The labor union representing Chicago’s police sergeants is raising concerns about CPD’s reliance on 12-hour workdays with little time off for officers as an anti-violence strategy.
“This is a recipe for disaster,” the Chicago Police Sergeants’ Association said in a statement.
CPD leaders are requiring all cops to work 12-hour days between May 21 and June 7 with only one or two days off. The labor group’s letter said some officers would receive no days off during the 18-day period. This week, some of the department’s unit leaders were told to expect mandatory 12-hour shifts with no days off over the Fourth Of July and, possibly, Father’s Day weekends, according to documents provided to CWBChicago by a source.
In practice, a 12-hour shift “translates into a 14- or 15-hour workday when you account for travel to and from the work location and the preparation time to start the tour of duty,” the sergeants’ group said.

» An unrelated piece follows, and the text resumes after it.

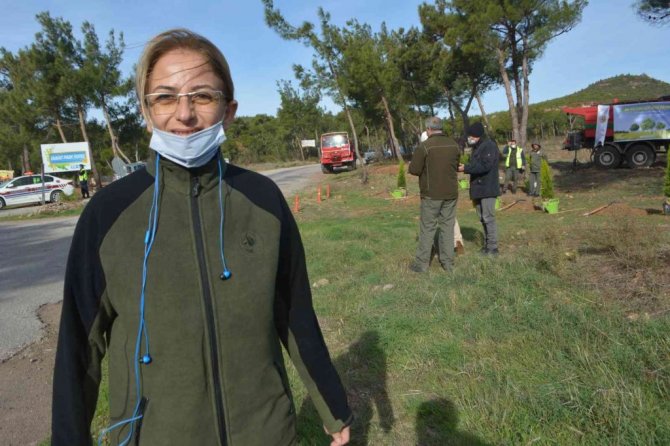 Ayvalık’ta 11 Kasım Milli Ağaçlandırma Günü kapsamında 500 fidan toprakla buluştu

“The lack of proper and adequate rest and sleep has a cumulative effect on the human body and mind,” the statement continued. “In some cases, Members are only being given 5-hours between their shifts. This is a recipe for disaster.”
The group pointed to a sleep deprivation study that showed errors and attention lapses increase when subjects aren’t allowed recharge. Federal regulations limit the amount of time that flight crews, truck drivers, and other workers can spend on the job precisely because exhaustion can lead to dangerous mistakes.
Even Mayor Lori Lightfoot has said police need to be given adequate time off to recharge, according to the sergeants’ letter.
“When you’re tired and you’re having to make literally life or death decisions, you’re not going to be at your best if you are working a schedule that essentially is around the clock with really no breaks,” the letter quoted Lightfoot as saying during contract negotiations. “You can’t be well if you don’t have time to recover from one of the most tough and traumatic jobs that there are, which is to be a police officer in an urban environment like Chicago.”
Last week, Fraternal Order of Police Lodge 7, which represents front-line cops, cited mandatory extended work hours and limited time off as one reason for passing a no-confidence vote in Lightfoot and CPD Supt. David Brown.
The FOP’s action is largely symbolic and has no consequences for any of the named leaders. Chicago’s police union passed similar votes against former police superintendents Jody Weis and Eddie Johnson during their respective terms.
Lightfoot called the union’s vote, “a badge of honor.”